Re:Oh I hate the needy state (2, Interesting)

xouumalperxe (815707) | more than 5 years ago | (#27012707)

Not sure whether Vista or 7 actually do this, but at least from Tiger onwards, OS X provides you with much better alternatives to the bouncing "needy window" metaphor, which is dynamic icons (in fact, I don't think I've seen a bouncing window for anything that doesn't need my attention to continue in a while). Basically, Adium (an instant messenger program) has a duck for an icon, and the duck will flap its wings when you have unread messages. It's quite visible, but doesn't actually exceed the space normally reserved for the icon, and doesn't involve strong palette changes (like blue/orange flashing does), so it's not quite as annoying. Stuff that's even less priority (like e-mail, which doesn't imply real time like IM) can make use of this in subtler even ways.

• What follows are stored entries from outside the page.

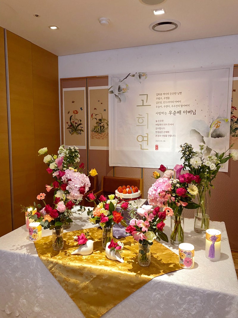 오래 보아도 늙지 않는 꽃을 컨셉으로 고희연의 품격을 연출했습니다.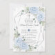 Baby Blue Floral Silver Baptism Christening Einladung
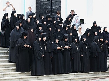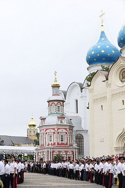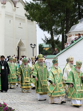 Святейший Патриарх Московский и всея Руси Кирилл возглавил служение праздничной Литургии на Соборной площади обители. Богослужение совершалось перед престолом, установленном на помосте с сенью у врат Успенского собора.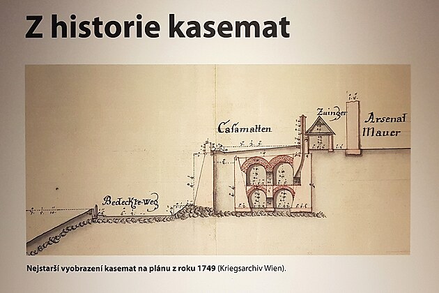 Nejstarší vyobrazení kasemat na Špilberku na plánu z roku 1749.

For example, Apple mail's icon gains a red star addition to the icon when you have unread messages, that just stays there with the number of unread messages written on it.

Re:Oh I hate the needy state (1)

Ifandbut (1328775) | more than 5 years ago | (#27012745)

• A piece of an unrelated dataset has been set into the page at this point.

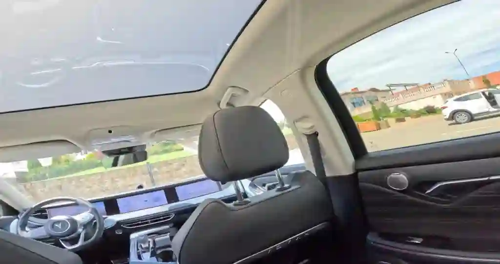Благодаря электрической платформы у автомобиля ровный пол. Над головой - панорамная крыша. Она роскошно велика и в своем классе не имеет конкурентов. При этом у нее есть и еще одна приятная особенность. А именно - электрохромное стекло, которое меняет свою прозрачность, или правильнее поляризацию, в зависимости от выбранного режима. И если затемнение включено, то без особых проблем можно смотреть сквозь него на солнце. Если нет, то возникает ощущение нахождения в кабриолете с идеальной аэродинамикой.

I hope there is a way to turn off the "needy state". If I have 6 different programs running I dont want to be constantly bothered when one of them finishes the task I told it to. If it errored, maybe make a sound but dont sit there flashing saying "I'm done, I'm done please give me something to do".

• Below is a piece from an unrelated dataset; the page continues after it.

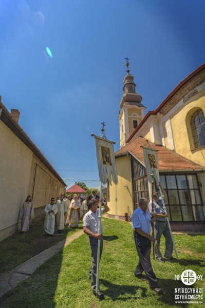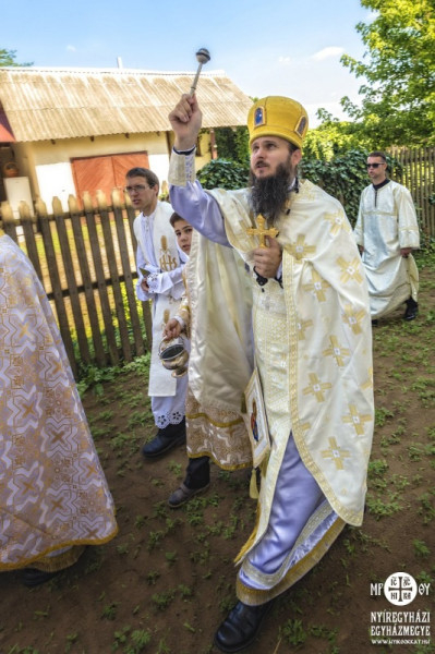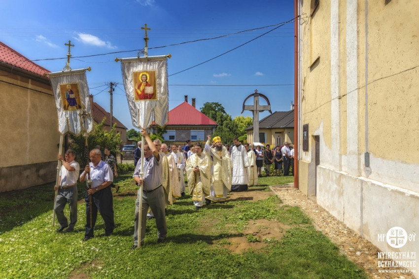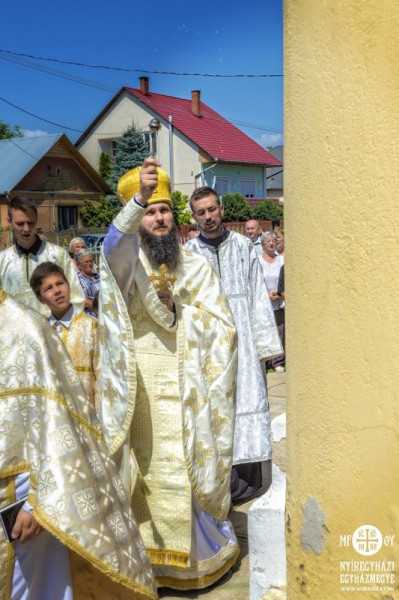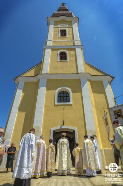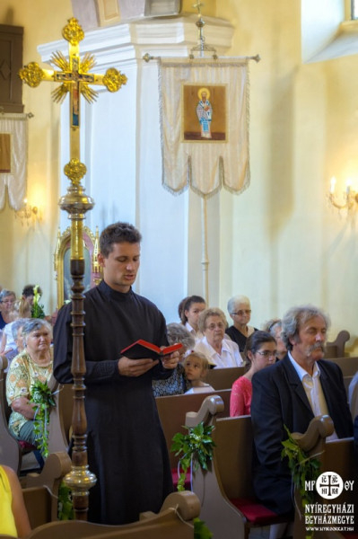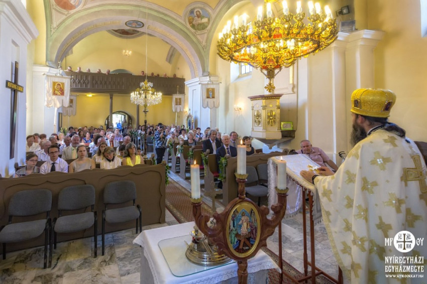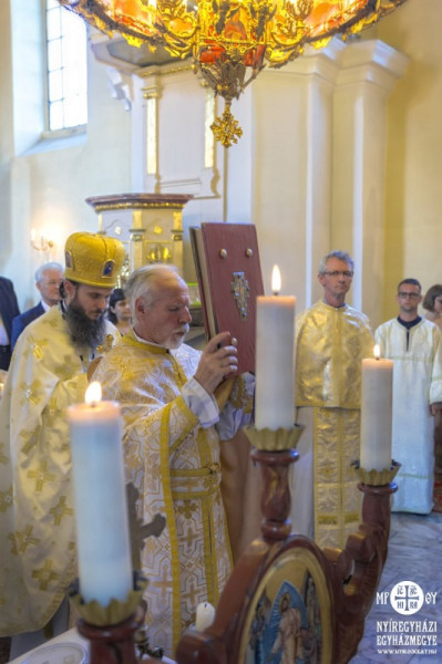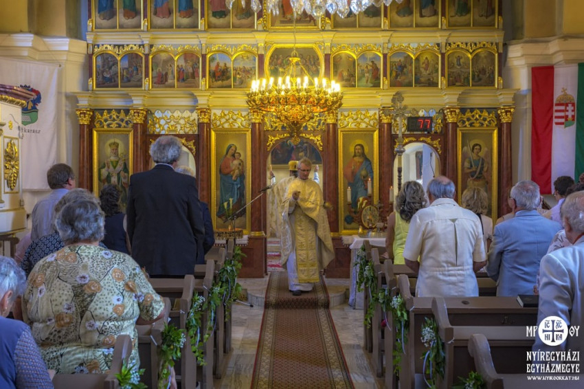 A házigazda Pásztor István nemcsak a templomra, hanem az újjáéledő közösségre is kérte az áldást, hiszen sok feladat áll még előttük, amíg a templom teljes pompájában tündökölhet a bicentenáriumi évre. A Szent Liturgián a házigazdán kívül a karászi esperesi kerület egykori és jelenlegi esperesei: Szabados János petneházi parókus és Seres Péter leveleki parókus, valamint Katona István karászi római katolikus plébános koncelebrált. Meghívott vendégként jelen volt Szalmási József polgármester és Szatmári István műszaki ellenőr, aki Rezsőfi Ágnes tervezővel együtt dolgozott a templom felújításán.

Mozilla has the biggest problem with it. I tell it to start downloading something then I tab back to web browsing. 5 min later the task bar pops up with a big flashing orange box just to let me know the download is done. Yes, the download is done, that's GREAT! Thank you SO MUCH for interrupting my enjoyment of this YouTube video just to tell me YOU DID WHAT I WANTED YOU TO DO. FINE! I'll click on you once if it will make you happy and GO AWAY.

Re:Oh I hate the needy state (1)

owlnation (858981) | more than 5 years ago | (#27012813)

Yep, Needy State is a killer app for me -- killer, as in "dead to me". While I was never intending to downgrade to Windows 7 from XP, the addition of "needy state" has only stiffened my resolve.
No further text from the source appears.